Uber - Les Surhumains du Reich

Nous partons pour l'Allemagne de 1945 avec le premier tome de Uber, sorti ce mois chez Panini.

Avril 1945. Le Reich est à l'agonie, pris entre l'avancée alliée à l'ouest et l'étau soviétique à l'est qui menace de faire tomber Berlin. Tout semble perdu.
Pourtant, l'Allemagne a encore un atout à jouer. Les wunderwaffen d'Hitler, ces fameuses armes "miracles", pourraient bien changer le cours de la guerre. Parmi elles, l'übermensch, un surhomme à la force inimaginable. Certaines versions "cuirassées" de ces panzermenschen peuvent même encaisser un tir d'obus à bout portant...
Alors que les russes subissent de plein fouet cette ultime contre-offensive, les anglais entrent dans la course au surhomme.
Quoi qu'il en soit, le cours de l'Histoire a déjà changé. Hitler ne s'est pas suicidé dans son bunker et il rêve déjà, pour venger Berlin en ruines, de raser Paris...

Voilà une nouvelle série, plutôt intéressante, que l'on doit à Kieron Gillen pour le scénario et Caanan White pour les dessins. Étonnamment, les deux auteurs ne sont pas traités de la même façon sur la cover. Si le nom de Gillen apparait en blanc, en larges lettres majuscules, celui de White est plus petit et discret. Ce genre de détail peut sembler sans importance mais cette différence de traitement est clairement assez injuste, d'autant que la notoriété supposée du scénariste ne justifie en rien un tel déséquilibre. M'enfin bon, passons.

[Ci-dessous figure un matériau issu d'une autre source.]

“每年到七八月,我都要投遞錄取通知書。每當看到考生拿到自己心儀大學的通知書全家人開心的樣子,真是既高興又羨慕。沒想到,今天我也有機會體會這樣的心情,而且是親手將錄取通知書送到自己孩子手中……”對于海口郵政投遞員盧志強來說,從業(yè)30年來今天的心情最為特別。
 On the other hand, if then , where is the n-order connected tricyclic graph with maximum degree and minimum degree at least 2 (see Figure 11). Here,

Les épisodes rassemblés ici empruntent à la fois au genre super-héroïque, à l'Histoire et à l'espionnage. De nombreux personnages réels apparaissent dans ces planches, que ce soit Hitler, Churchill, Guderian ou Speer. D'ailleurs, à part Stéphanie, une jolie scientifique qui se révèle être en fait une espionne, aucun personnage fictif n'a beaucoup d'importance ou "d'épaisseur", la narration privilégiant largement l'aspect géopolitique - d'ailleurs très vraisemblable - aux destins individuels.
Cela pourrait donner quelque chose d'un peu froid, à l'aspect documentaire, mais en réalité le récit, aidé par des dialogues fort bien écrits et un rythme haletant, devient vite passionnant.

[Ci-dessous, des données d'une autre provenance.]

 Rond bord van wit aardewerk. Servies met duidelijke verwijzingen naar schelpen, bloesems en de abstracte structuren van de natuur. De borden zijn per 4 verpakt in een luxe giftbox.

Le niveau de violence (probablement la cause d'une vente sous blister en plus du macaron d'avertissement) du titre est très élevé. Uber se révèle particulièrement gore, avec des scènes ne lésinant pas sur l'hémoglobine, les corps démembrés ou les morceaux de cervelle qui volent.
Vu le contexte (la guerre après tout), cela reste tout de même justifié et permet de rendre compte de l'âpreté des combats avec un certain réalisme. Ce même réalisme est renforcé par une utilisation mesurée et intelligente des surhommes. On sent que les scientifiques tâtonnent, le processus de transformation est long et les surhumains relativement limités (ils doivent notamment respecter une phase de repos après avoir utilisé leurs pouvoirs).

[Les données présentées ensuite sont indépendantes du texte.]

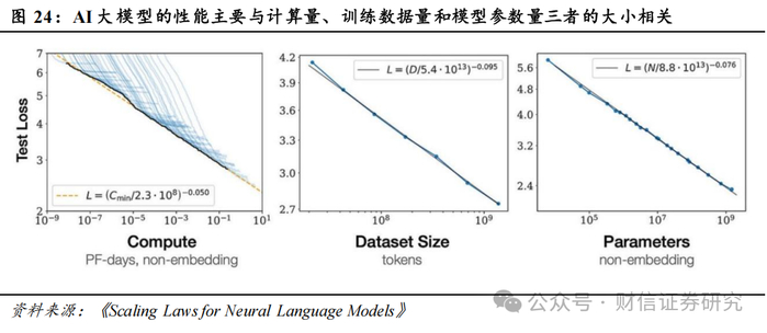Scaling Law仍是AI大模型技术发展的指引,模型效果取决于算力和数据。“Scaling Law”,直译为缩放定律,最早由OpenAI的技术团队在《Scaling Laws for Neural Language Models》论文中提出,其内涵为通过增加计算量、训练数据量和模型参数量,可以显著降低模型误差,从而提升模型性能。当下确实也有理解认为,“Scaling Law”存在一些难以解决的问题,比如成本问题、数据问题等等,或许现存的AI大模型技术方案都无法实现最终的通用人工智能,但以目前情况来看,Scaling Law仍是AI大模型技术发展的指引,AI大模型的模型效果取决于算力和数据。

Le mélange entre uchronie, surnaturel et nazis n'est pas franchement nouveau (l'on peut citer Je suis Légion, Block 109, le début de The Twelve voire même encore le moins sérieux Lost Squad) mais fonctionne particulièrement bien ici.
Gillen semble bien connaître son sujet et développe une histoire crédible et prenante, soutenue par des dessins qui restent agréables malgré une colorisation contrastée, manquant de nuances.
D'un point de vue un peu anecdotique, on peut signaler des erreurs grossières concernant certains termes allemands dans le texte. Difficile de savoir si c'était déjà présent en VO, mais les pluriels de ce que l'on appelle le "masculin faible" en allemand sont systématiquement ignorés. On voit donc des "les übermensch" ou "les panzermensch", alors que le pluriel correct serait "menschen". En français, c'est l'équivalent d'un "les animal" par exemple. C'est très bien d'utiliser des termes étrangers pour renforcer l'immersion, mais se renseigner un minimum sur leur emploi n'aurait pas demandé beaucoup plus de temps et aurait permis d'éviter ces maladresses.

Au niveau éditorial, l'on peut regretter aussi que les covers originales des épisodes soient uniquement présentes dans une version réduite (même pas un quart de page).

Un récit certes violent mais historiquement crédible et habilement mis en scène.
Le cliffhanger final et les pans de mystère qui entourent encore la "production" de surhumains donnent envie de découvrir la suite.




+ Les points positifs - Les points négatifs
  • Le contexte historique.
  • La dimension stratégique et politique.
  • Qualité des dialogues.
  • Une violence très présente mais justifiée.

  • Une colorisation un peu "lourdingue" parfois.
  • Des fautes d'allemand, qui changent un peu des habituelles fautes de français.